Duluth, Kennesaw and Woodstock are just some of the suburban communities that have embraced entertainment districts. (Casey Sykes for the Atlanta Journal-Constitution)
Duluth, Kennesaw and Woodstock are just some of the suburban communities that have embraced entertainment districts. (Casey Sykes for the Atlanta Journal-Constitution)

Credit: Casey Sykes for the Atlanta Journal-Constitution

Credit: Casey Sykes for the Atlanta Journal-Constitution

The city of Dunwoody is considering changing its laws to allow for microbreweries and create an open container “entertainment district” around Dunwoody Village.

The City Council held public hearings on two proposed ordinances Monday. They could be voted on at the next City Council meeting on Feb. 24.

The entertainment district would allow patrons to leave bars and restaurants in Dunwoody Village with alcoholic drinks in hand. The village is a retail and restaurant hub located near the center of Dunwoody, about two miles north of the Perimeter.

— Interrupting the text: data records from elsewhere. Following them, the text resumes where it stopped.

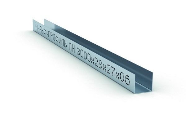 Направляющий потолочный профиль ПН 28х27 мм имеет П-образную форму и служит в качестве основания для стоечных профилей, а также для устройства перемычек между ними в каркасах перегородок и облицовок.
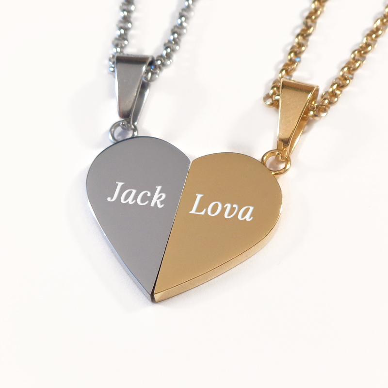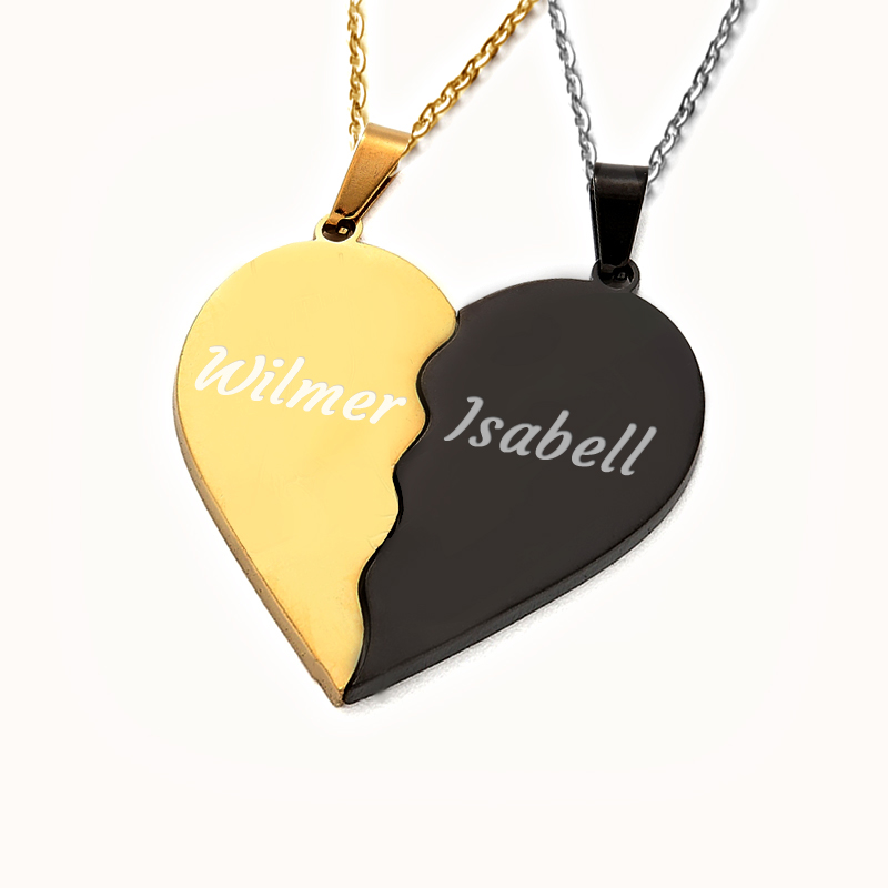 Parsmycke Hjärta, halsband med gravyr - Guld & Rostfritt Stål
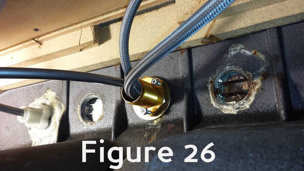 Busque fugas debajo del fregadero (Figura 26). Preste especial atención a los lugares donde se hacen las conexiones.
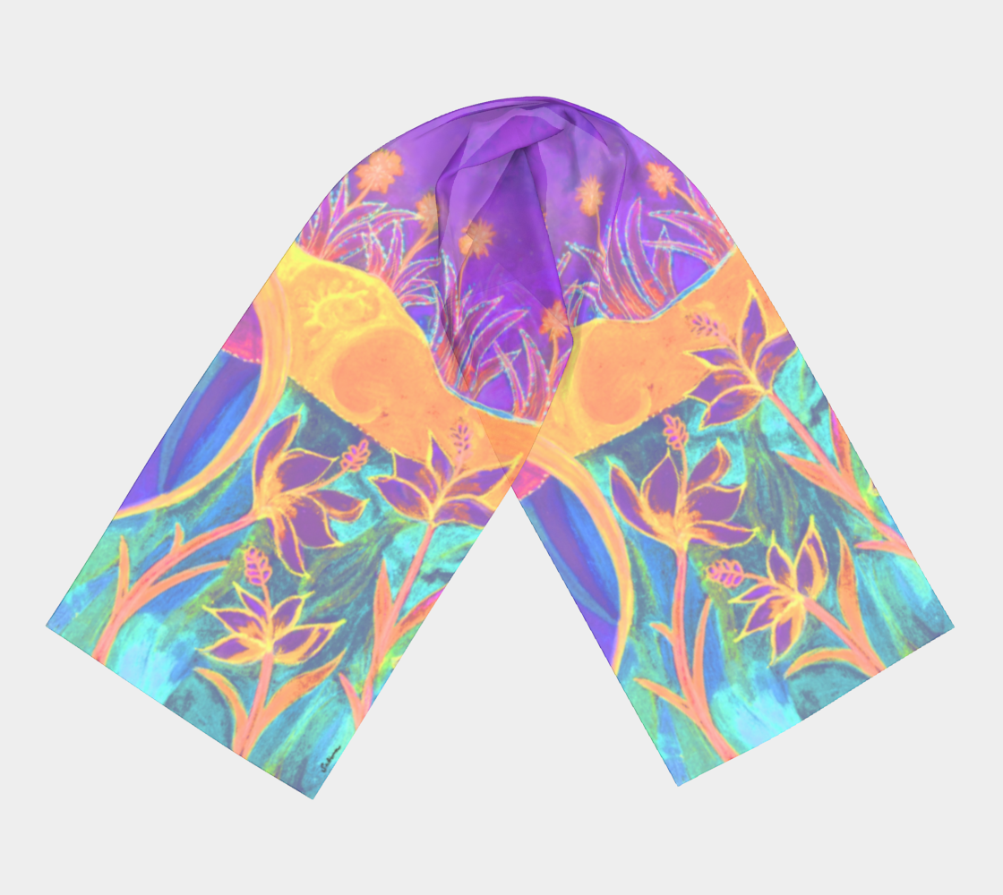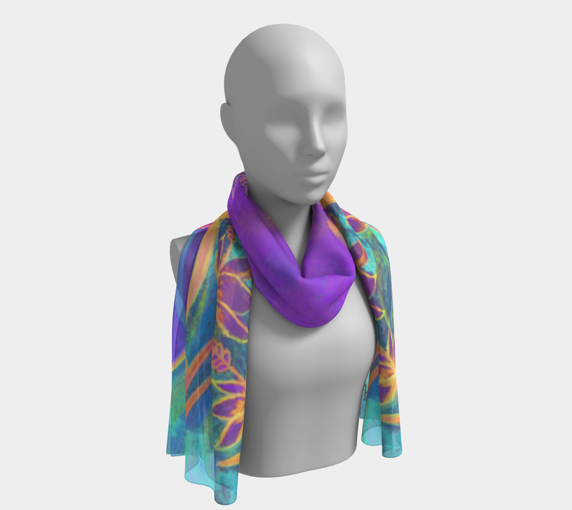 Showcasing adaptations of my artwork, these long scarves drape beautifully and flow with ease. Elegant and fluid, they’re the perfect way to dress up an outfit and carry a piece of art wherever you go.
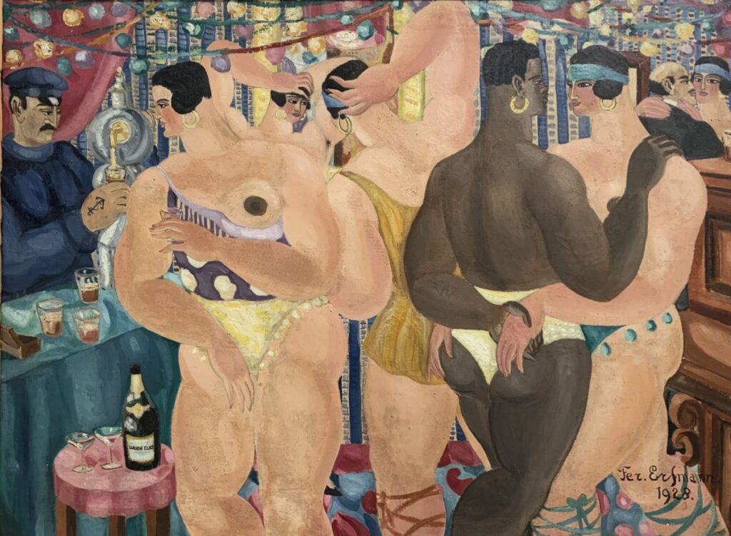 Deze straat bevond zich vlak bij de haven, en was met haar uitgaansgelegenheden in de jaren 1920 een hot spot voor zeelieden, sekswerkers en ook veel queer mensen.2 Rechts zien we twee feminiene figuren die op intieme wijze met elkaar dansen. Wellicht heeft Erfmann zich zelfs laten inspireren door een bezoek aan Café ‘t Mandje, een van de eerste homocafés van Nederland, dat één jaar daarvoor zijn deuren had geopend.3
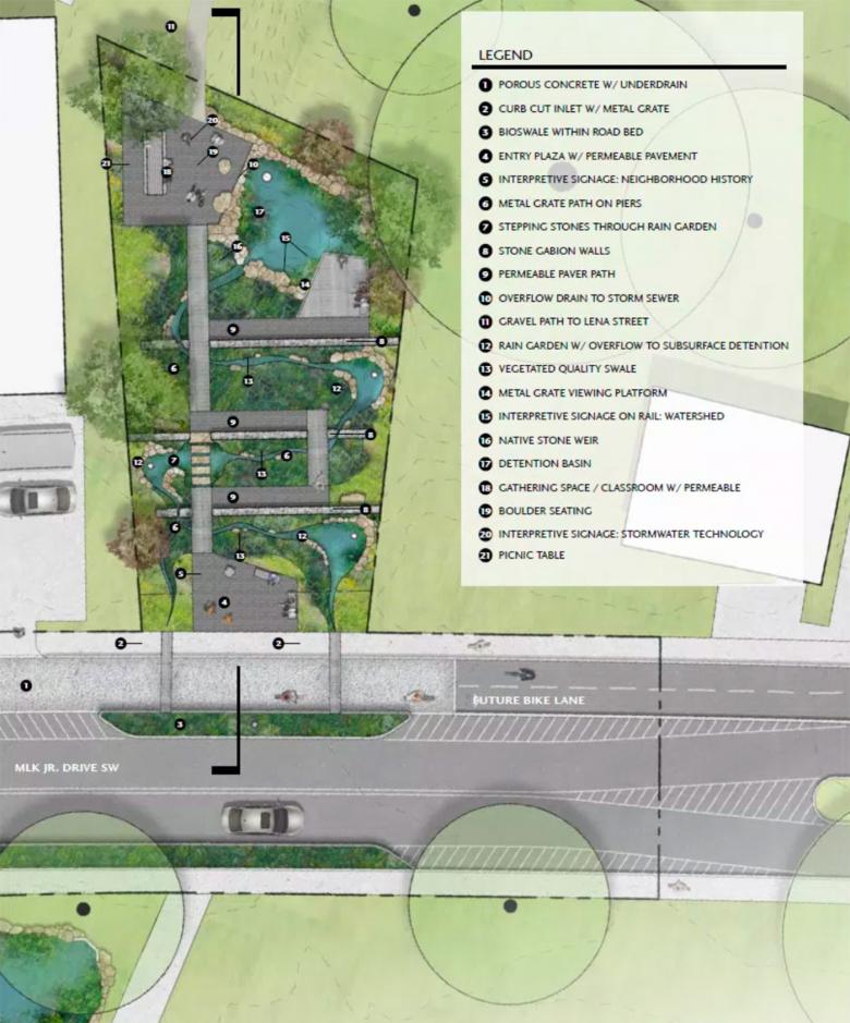 A winning entry in Atlanta’s Green Infrastructure Design Challenge, MLK Living Lab combines resilient, educational, and social strategies into a vibrant public space. The design centers on stormwater capture solutions that are legible and serve a pedagogical and economic function for students and local residents of this underserved community. Partnering with Spelman College and the West Atlanta Watershed Alliance (WAWA), Starr Whitehouse will integrate the site into existing educational and workforce training initiatives, such as classes in environmental science at Spelman, and vocational training at Atlanta CREW and the Green Infrastructure Resilience Institute. This strategy will not only posit the site as an education and economic engine for the community, it will also give the City access to maintenance support and performance metrics funded through existing community initiatives. Placing community involvement at the fore of the project, Starr Whitehouse will facilitate and implement feedback at every stage to ensure productive and ongoing use of the space, crafting protective elements that enhance the neighborhood that they defend.

Dunwoody Community Development Director Richard McLeod said the idea for the open container district came from similar areas in Roswell, Alpharetta and Woodstock. The ordinance includes a map around the commercial parts of the village where residents would be allowed to drink alcoholic beverages outside using a paper or plastic cup.

Dunwoody is in the process of updating its zoning code for the village to reflect what officials and residents want to see in the way of future development. An entertainment district “fits in well” with the zoning changes being considered, McLeod said. Officials said it could make the Dunwoody Village more business-friendly and walkable.

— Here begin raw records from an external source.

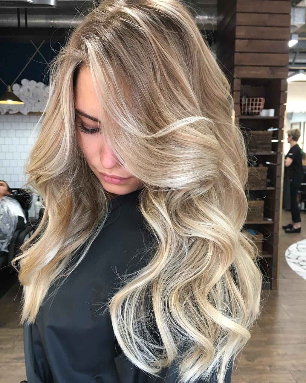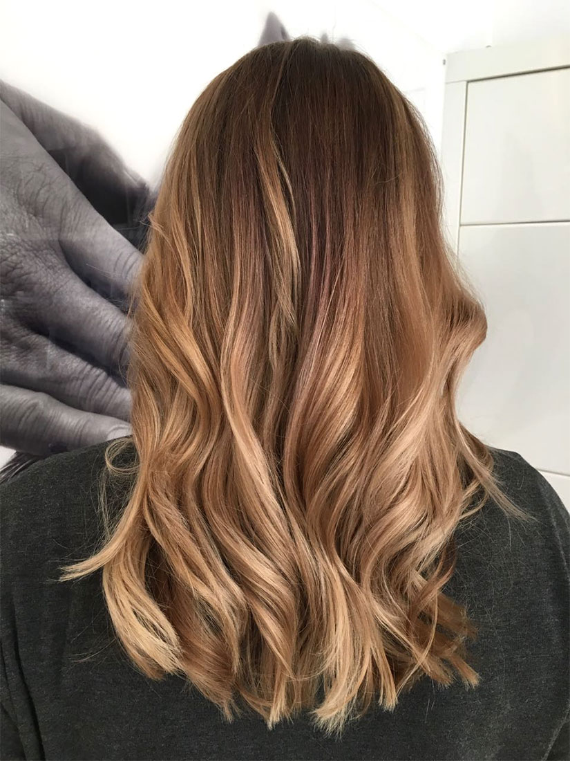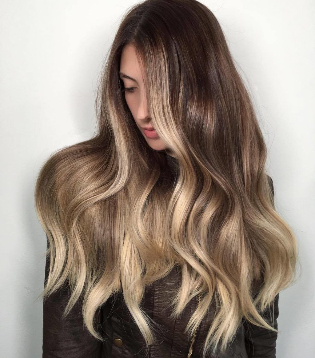 Classic balayazh means by itself dyeing brown hair in natural shades. Such as wheat, light beige, gold and other light shades. It is not uncommon for masters to pick a pearl blond to dark brown hair, which ultimately forms very beautiful color transitions.
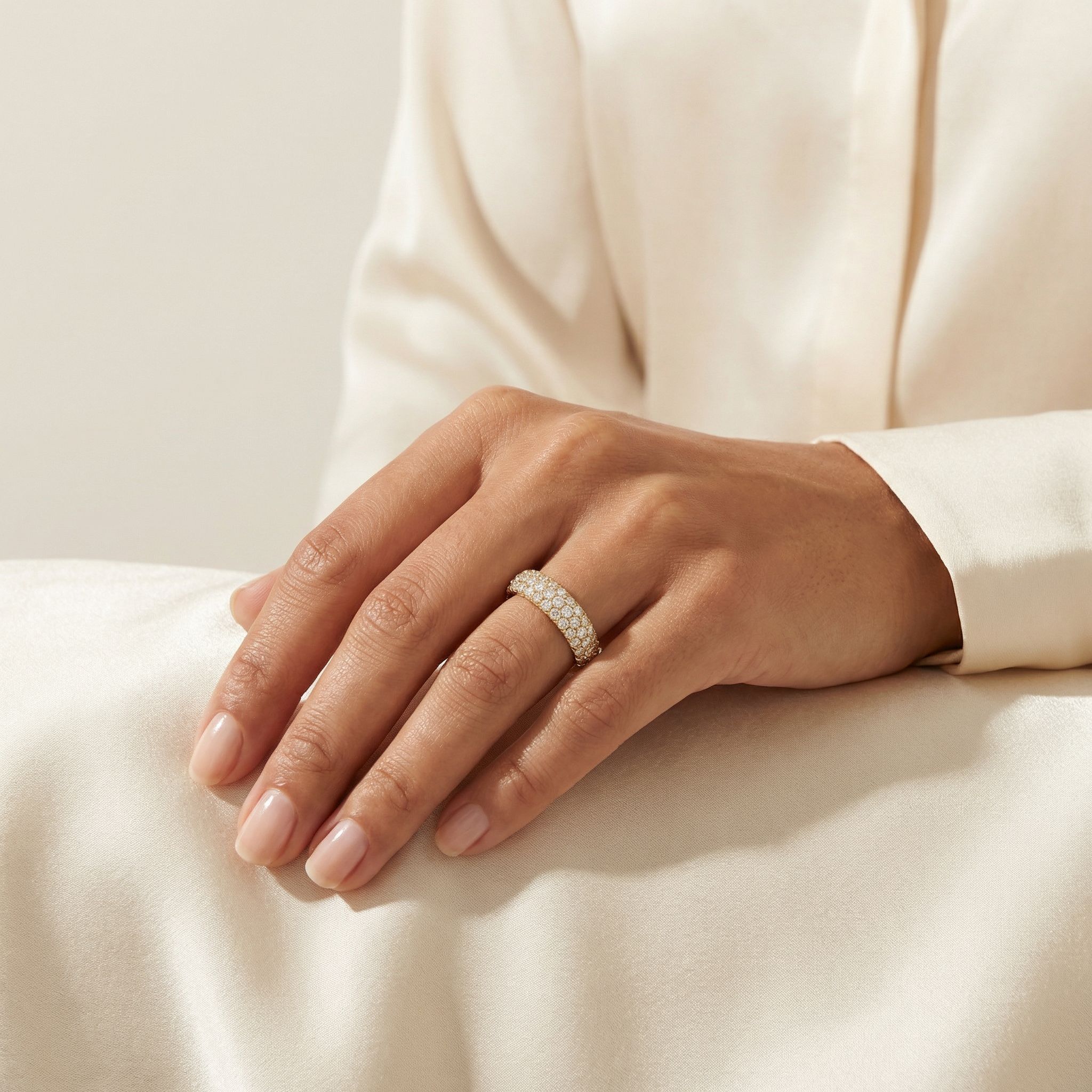 The pavé setting enhances the stones’ radiance, giving the ring a sophisticated and glamorous appearance that complements any style.
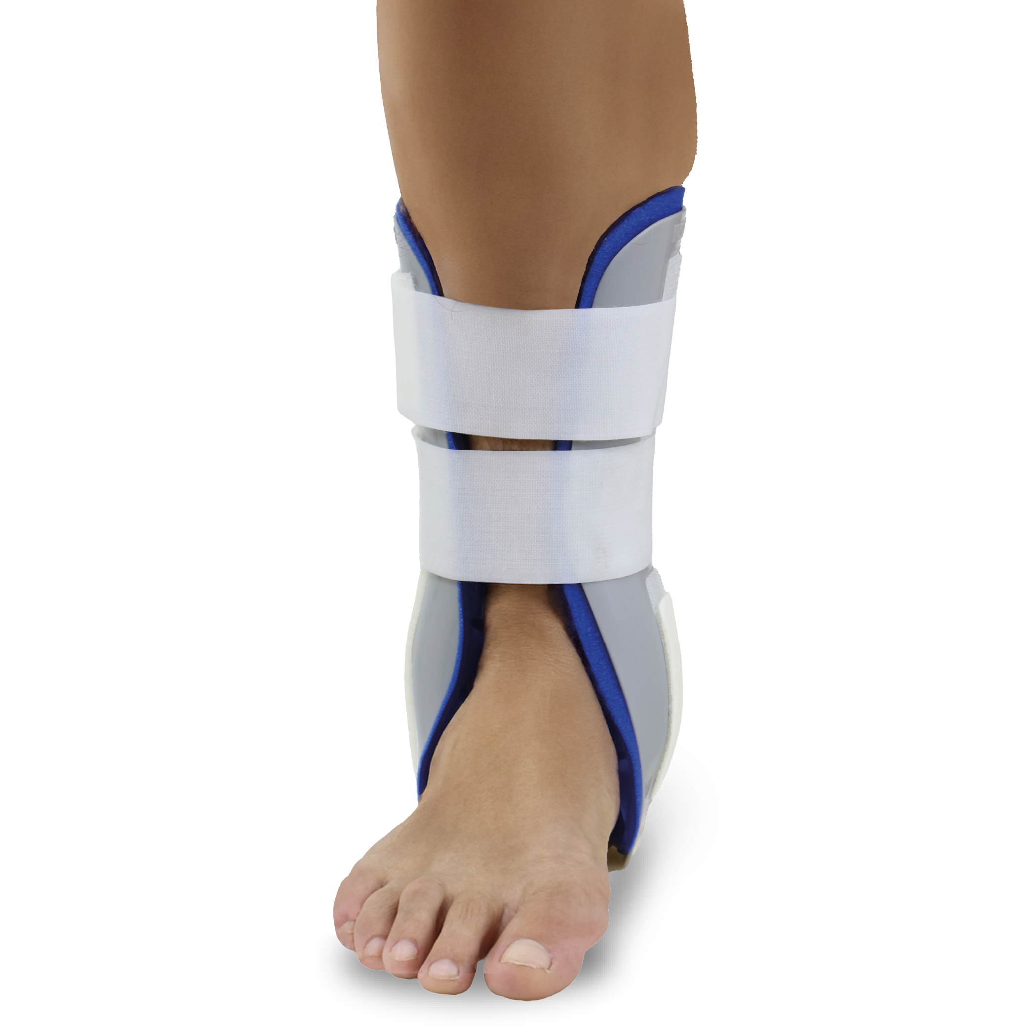 Afrouxe as duas tiras e coloque o calcanhar na base inferior. Certifique-se de que as talas estejam posicionadas da maneira correta (“inside” para dentro e “outside” para fora). Posicione as almofadas de gel no maléolo (tornozelo). Fixe primeiro a tira inferior e depois aperte a tira superior, ambas com um aperto confortável que não prejudique a circulação.

McLeod said it could pave the way for other areas of Dunwoody to allow open container, including parts of Perimeter Center and the proposed High Street development.

Also under consideration by the City Council is an ordinance that would allow microbreweries, liquor distilleries and specialty wine shops in some commercial areas of Dunwoody. Currently, the city code only allows for brewpubs that must serve food. The new ordinance would allow microbreweries that produce less than 15,000 barrels of beer annually and are less than 15,000 square feet. A barrel is 31.5 gallons.

Larger breweries can be also considered after applying for special permits with the city, under the proposal.

“Microbreweries and breweries have seen a sharp rise in popularity throughout metropolitan Atlanta,” city staff wrote in a memo to council members.

The ordinance states that for the Northside suburb, allowing for breweries would “foster an atmosphere of flexibility and progress in the city of Dunwoody.”